### Exercise brief
Print exactly, and only, the lines from the one containing "9月21日,智驾网从官方获悉" through the last line of the records below, both included; leave out the pictures.

### Source material
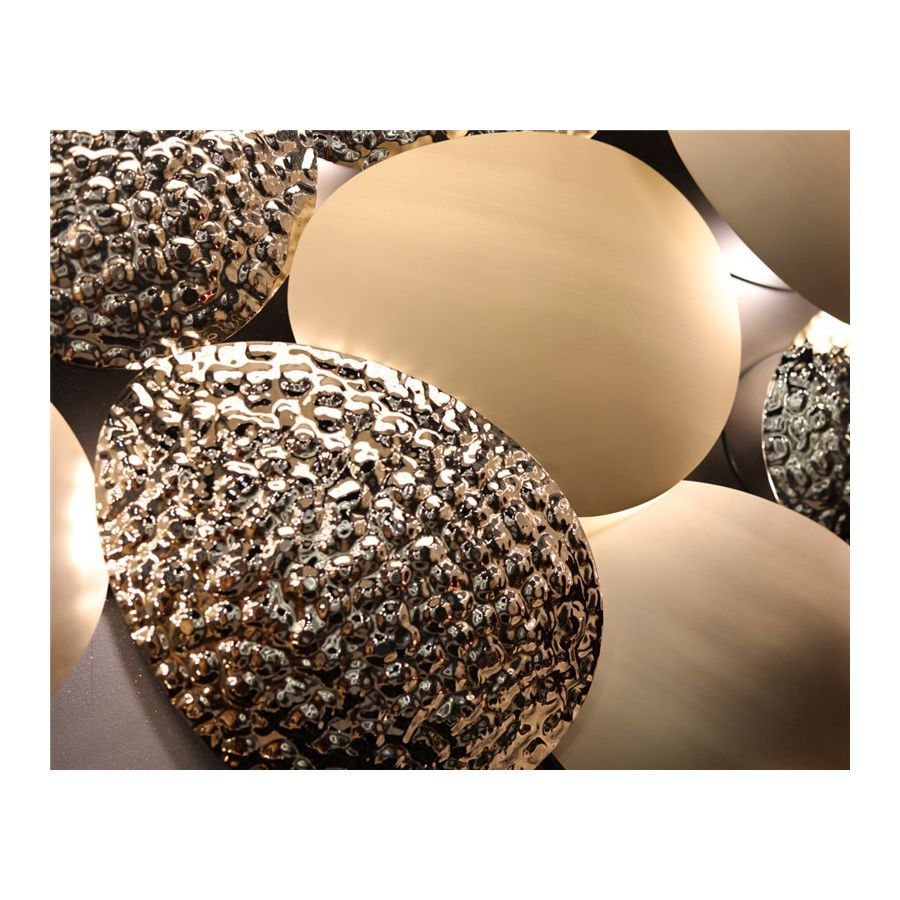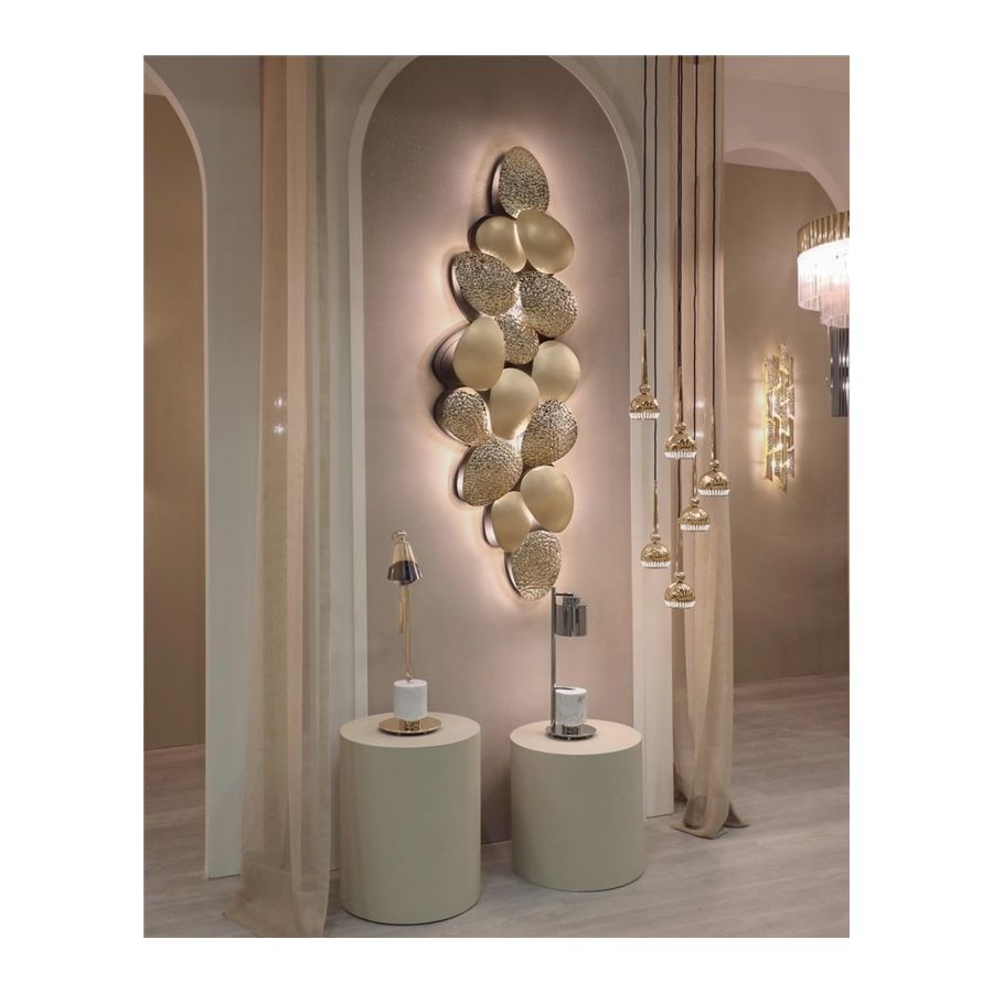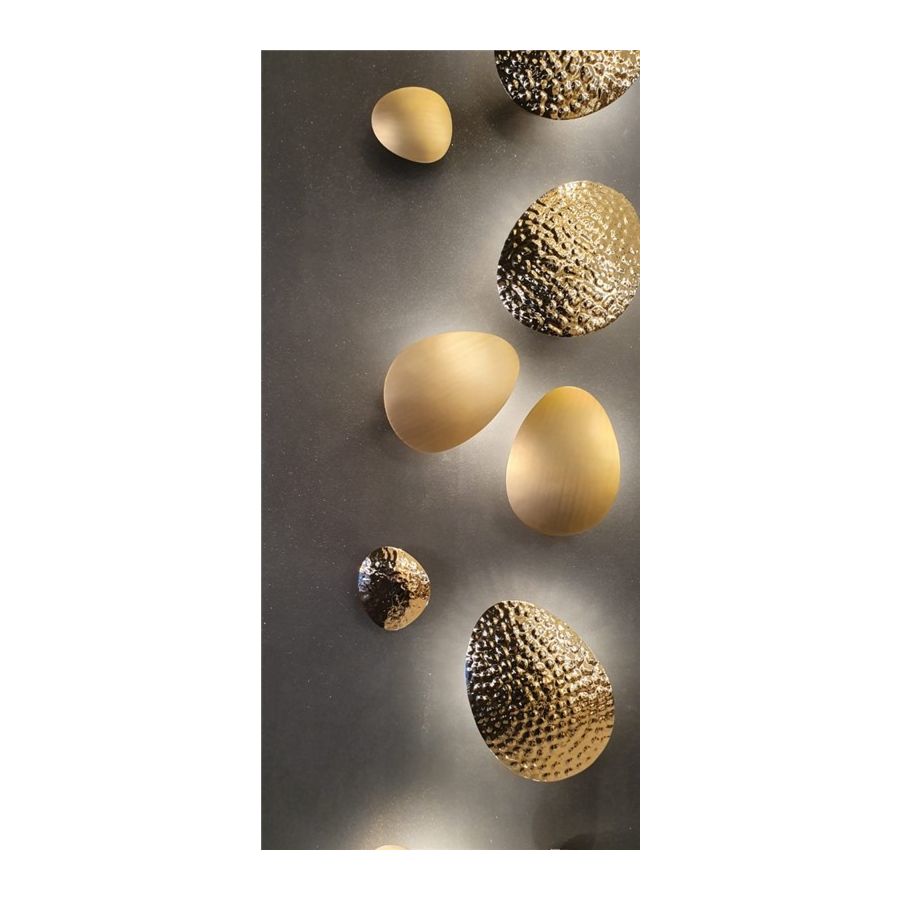 Masterys kraftfulla men ändå mjuka linjer skapar ett organiskt spel av ljus och skuggor som antyder elegans och glamour. Denna praktfulla vägglampa, handgjord i förgylld mässing, kommer att stå ut i de mest lyxiga och exklusiva inredningarna.
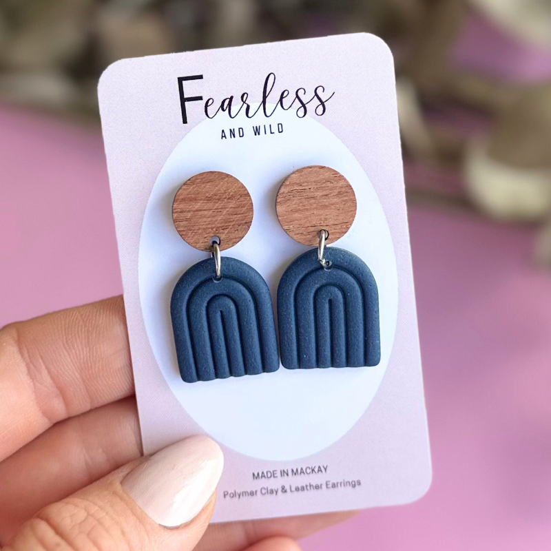 Introducing Athena Mini Navy, a modern arch dangle paired with a wooden top that is simple and versatile and will elevate your style to new heights. These handmade Navy earrings are a must this season. Pair her with your matching outfit or keep it simple to make her pop.
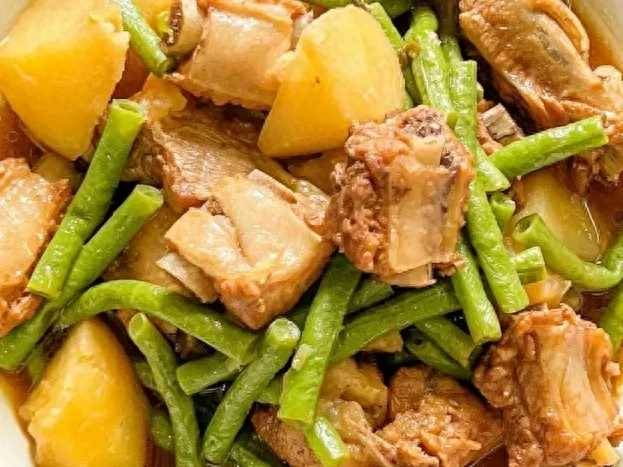4、水燒開后,轉小火燉煮半個小時。接著放入豆角和土豆,繼續燉煮二十分鐘左右。最后開大火翻炒收汁即可出鍋裝盤開吃。
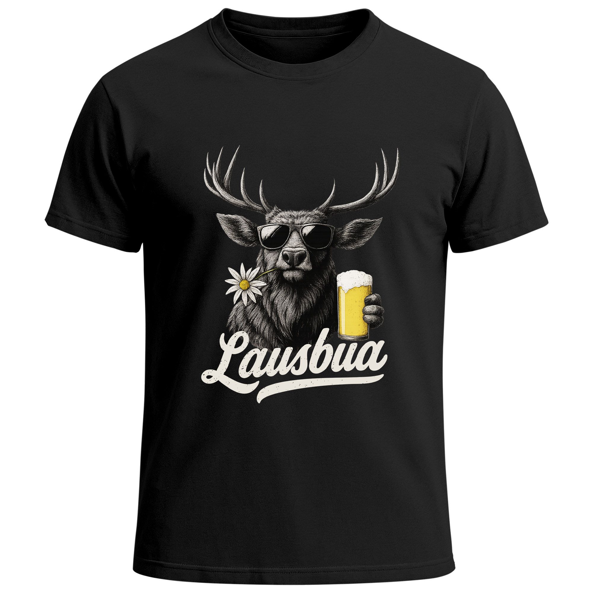 - Motiv: "Lausbua" Schriftzug und Hirsch mit Sonnenbrille, Edelweiß und Bier Motiv
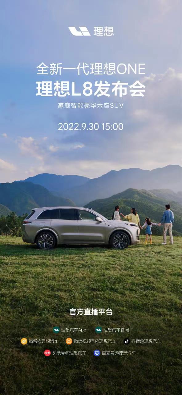 9月21日,智驾网从官方获悉,全新一代理想ONE即理想L8发布会将于2022年9月30日15:00正式开始,价格公布后即开启大定。国庆期间,理想L8展车将陆续到达全国各地的理想汽车零售中心供用户体验,11月初正式开启交付。
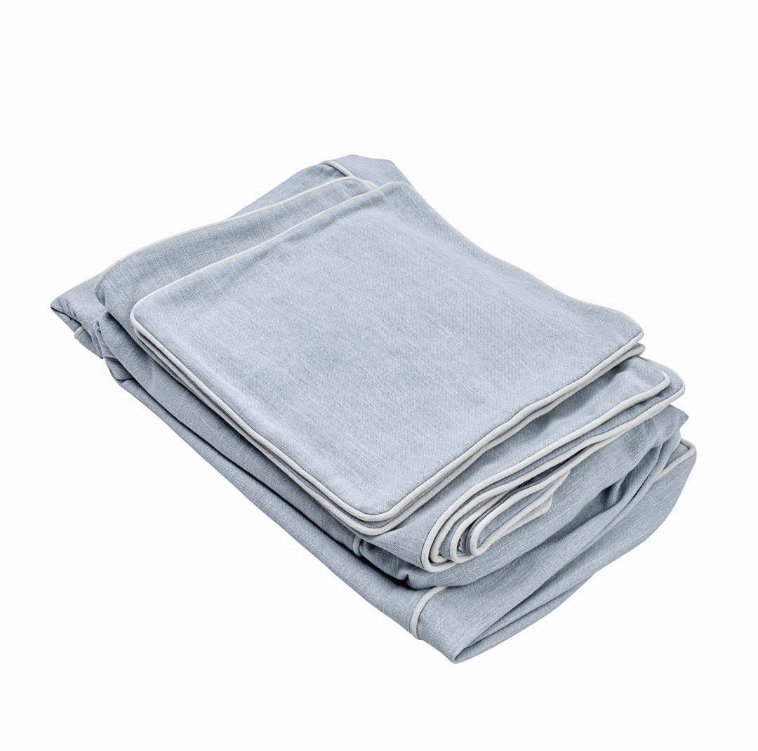 Transform your Noosa naked sofa base into a luxurious piece of art with our Slip Cover in grey fabric and elegant white piping. Elevate your home decor to another level with this exclusive and sophisticated addition. Easy to change, yet providing a high-end touch to any room.
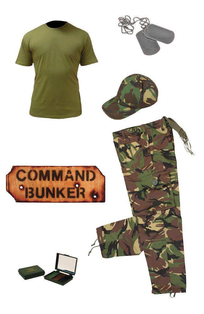 Kids Army Camo Pack 5 - Tshirt, Pants, Cap, Dog Tags, Camo Paint and Command Bunker Sign

### Answer section
 9月21日,智驾网从官方获悉,全新一代理想ONE即理想L8发布会将于2022年9月30日15:00正式开始,价格公布后即开启大定。国庆期间,理想L8展车将陆续到达全国各地的理想汽车零售中心供用户体验,11月初正式开启交付。
 Transform your Noosa naked sofa base into a luxurious piece of art with our Slip Cover in grey fabric and elegant white piping. Elevate your home decor to another level with this exclusive and sophisticated addition. Easy to change, yet providing a high-end touch to any room.
 Kids Army Camo Pack 5 - Tshirt, Pants, Cap, Dog Tags, Camo Paint and Command Bunker Sign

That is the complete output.